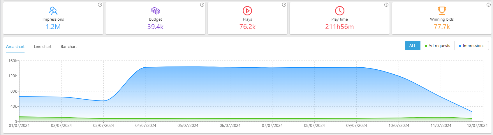 - Winning Rate: Percentage of winning bids relative to total bid requests.
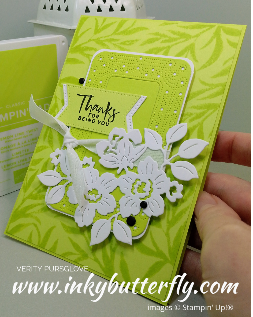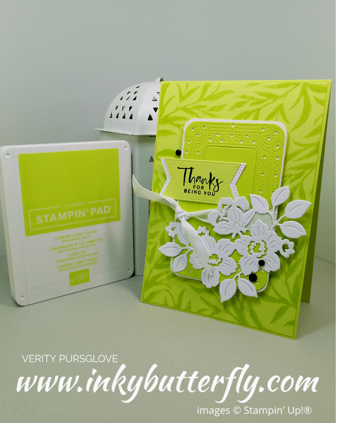 The original card used Summer Splash, Lemon Lime Twist and a little Petunia Pop in the background.
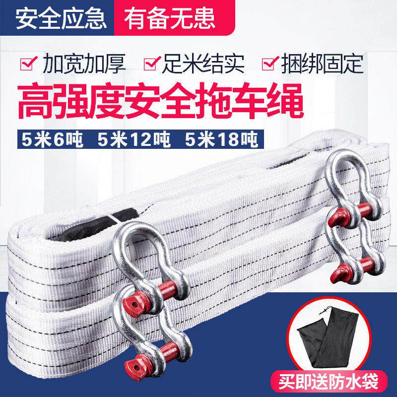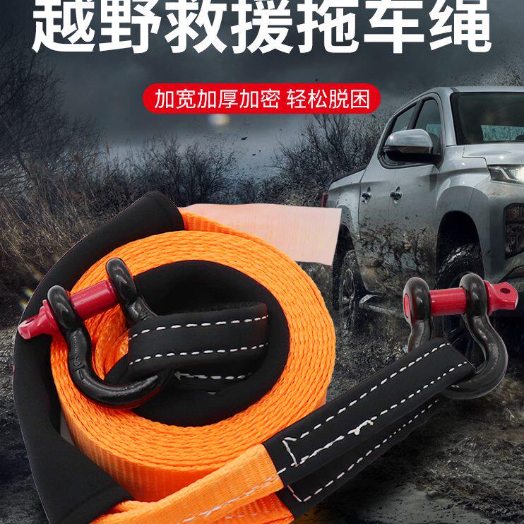 车载拖车绳加厚汽车牵引绳拖车带强力霸道拖车绳5吨8吨拖车带救援
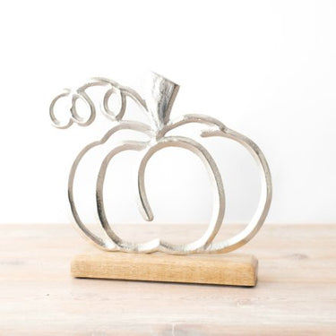 A chic metal pumpkin decoration set upon a rustic wooden base. Size 25 x 22cm
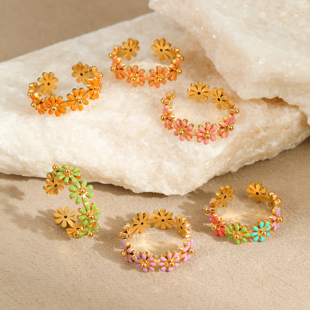 The stainless steel 18k gold color dopamine Daisy flower ring does not fade
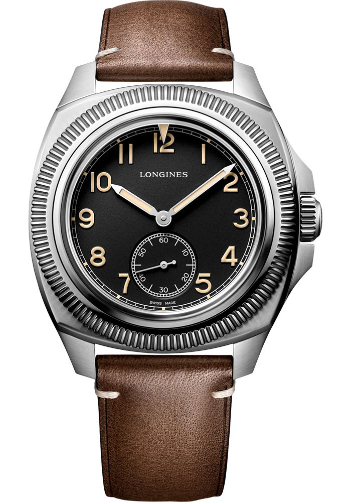 43.00 mm stainless steel case, 13.30 mm thick, screw-in crown, bi-directional rotating bezel, scratch-resistant sapphire crystal with anti-reflective coating, black matt dial with embossed indexes and Arabic numerals, caliber L893 automatic movement with hours, minutes, small seconds at 6 o'clock, approximately 72 hours of power reserve, brown leather strap. Water resistant to 10 bar.
....
Return the material in full and unaltered, minus its pictures.

 - Winning Rate: Percentage of winning bids relative to total bid requests.
 The original card used Summer Splash, Lemon Lime Twist and a little Petunia Pop in the background.
 车载拖车绳加厚汽车牵引绳拖车带强力霸道拖车绳5吨8吨拖车带救援
 A chic metal pumpkin decoration set upon a rustic wooden base. Size 25 x 22cm
 The stainless steel 18k gold color dopamine Daisy flower ring does not fade
 43.00 mm stainless steel case, 13.30 mm thick, screw-in crown, bi-directional rotating bezel, scratch-resistant sapphire crystal with anti-reflective coating, black matt dial with embossed indexes and Arabic numerals, caliber L893 automatic movement with hours, minutes, small seconds at 6 o'clock, approximately 72 hours of power reserve, brown leather strap. Water resistant to 10 bar.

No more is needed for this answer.